# About this task
Once the pictures are set aside, transcribe the remaining data exactly.

# Recorded data
* * * * *
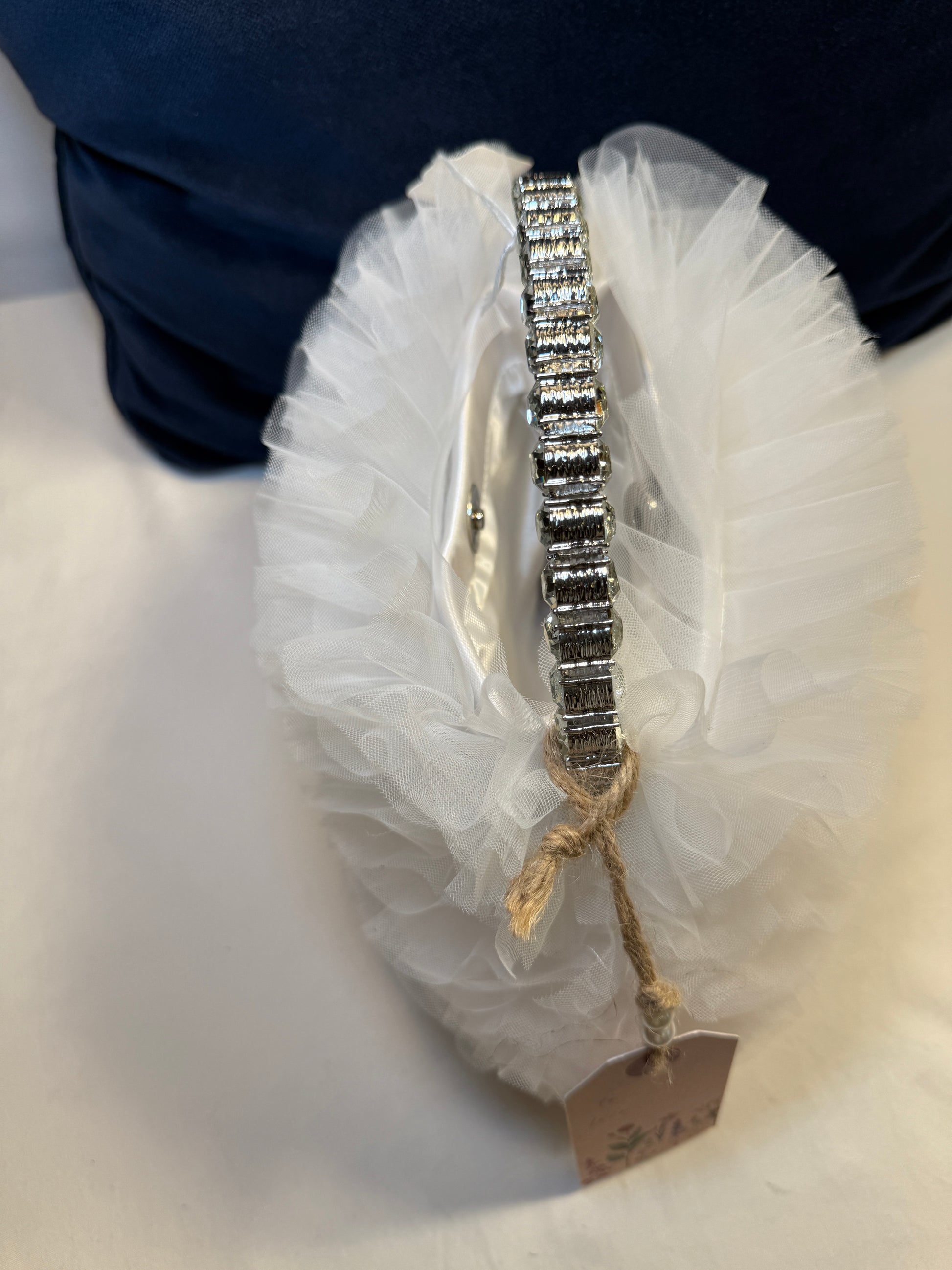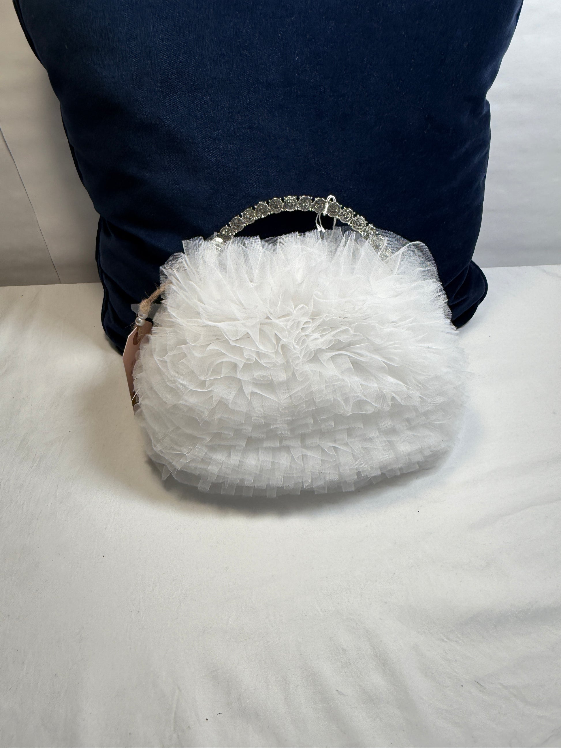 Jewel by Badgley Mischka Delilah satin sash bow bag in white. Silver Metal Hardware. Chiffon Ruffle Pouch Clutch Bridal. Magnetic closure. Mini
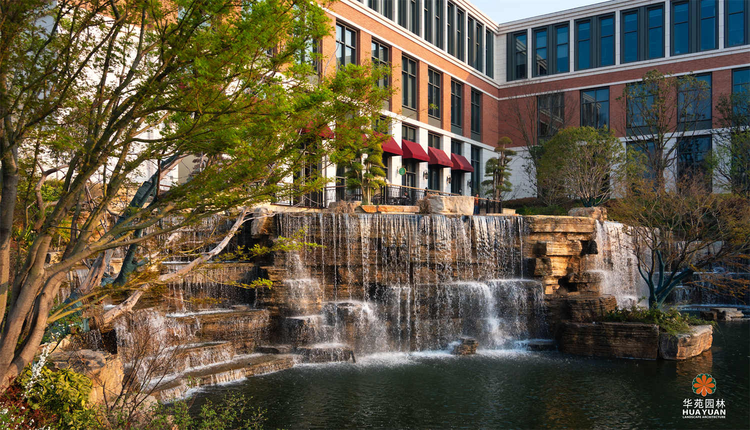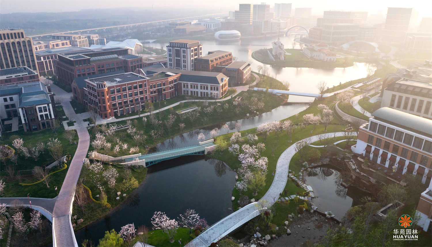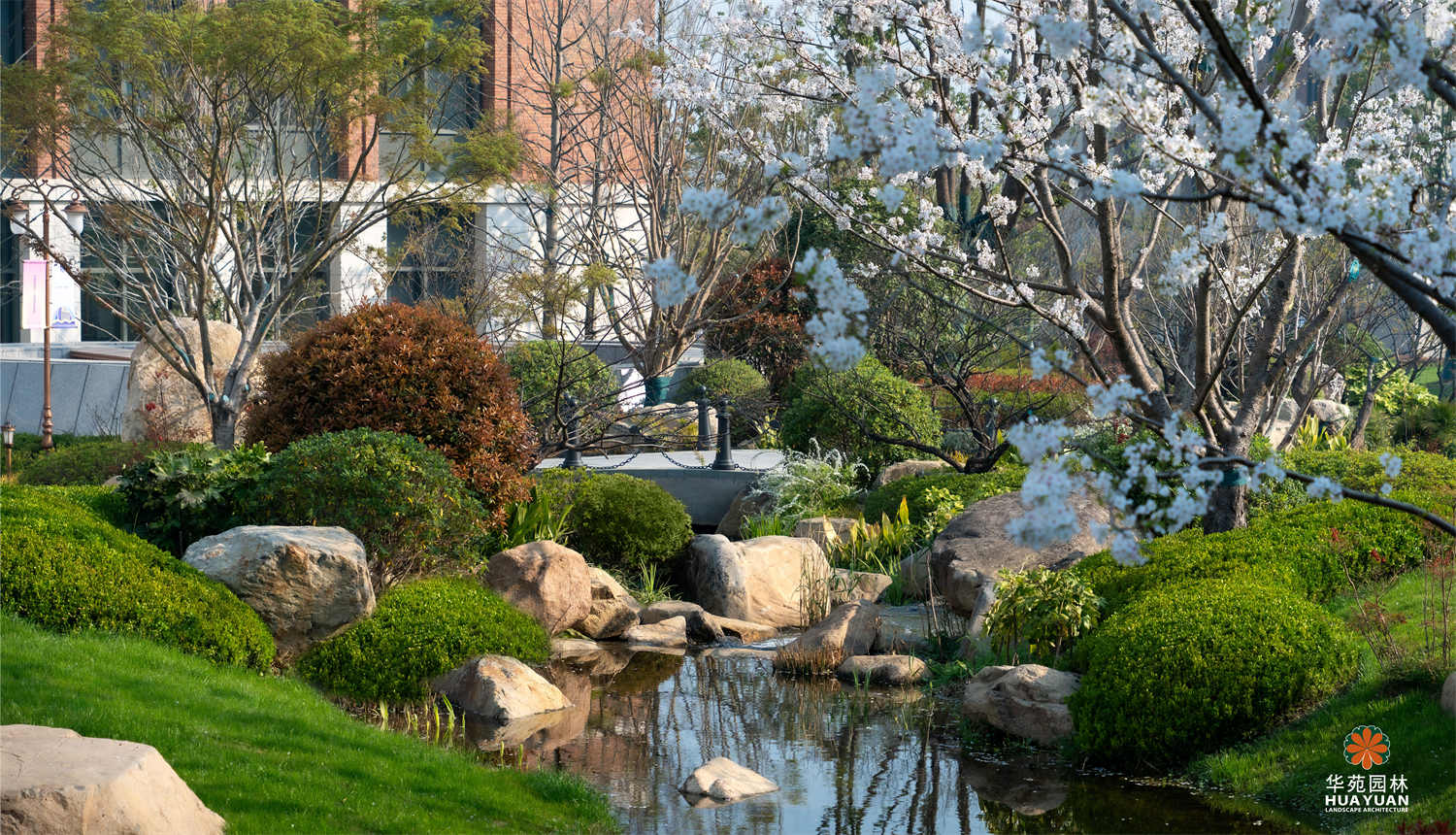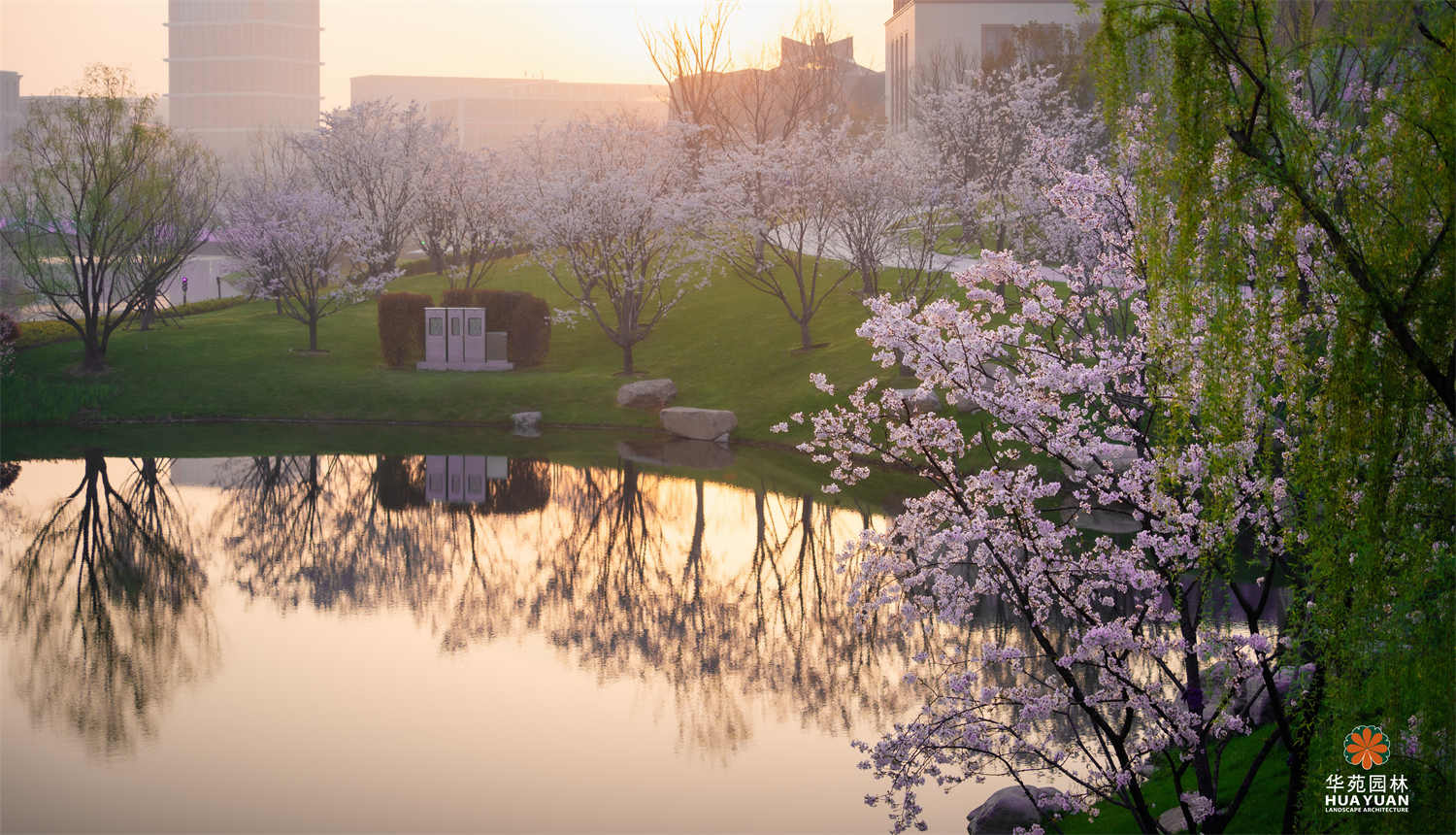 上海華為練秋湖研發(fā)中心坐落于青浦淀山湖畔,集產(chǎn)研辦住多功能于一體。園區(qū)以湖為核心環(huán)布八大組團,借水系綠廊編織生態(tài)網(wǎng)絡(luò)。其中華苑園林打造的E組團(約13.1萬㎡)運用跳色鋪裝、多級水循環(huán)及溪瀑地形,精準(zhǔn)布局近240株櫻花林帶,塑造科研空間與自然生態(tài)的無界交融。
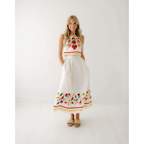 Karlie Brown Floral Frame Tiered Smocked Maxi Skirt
* * * * *
# Exercise response
 Jewel by Badgley Mischka Delilah satin sash bow bag in white. Silver Metal Hardware. Chiffon Ruffle Pouch Clutch Bridal. Magnetic closure. Mini
 上海華為練秋湖研發(fā)中心坐落于青浦淀山湖畔,集產(chǎn)研辦住多功能于一體。園區(qū)以湖為核心環(huán)布八大組團,借水系綠廊編織生態(tài)網(wǎng)絡(luò)。其中華苑園林打造的E組團(約13.1萬㎡)運用跳色鋪裝、多級水循環(huán)及溪瀑地形,精準(zhǔn)布局近240株櫻花林帶,塑造科研空間與自然生態(tài)的無界交融。
 Karlie Brown Floral Frame Tiered Smocked Maxi Skirt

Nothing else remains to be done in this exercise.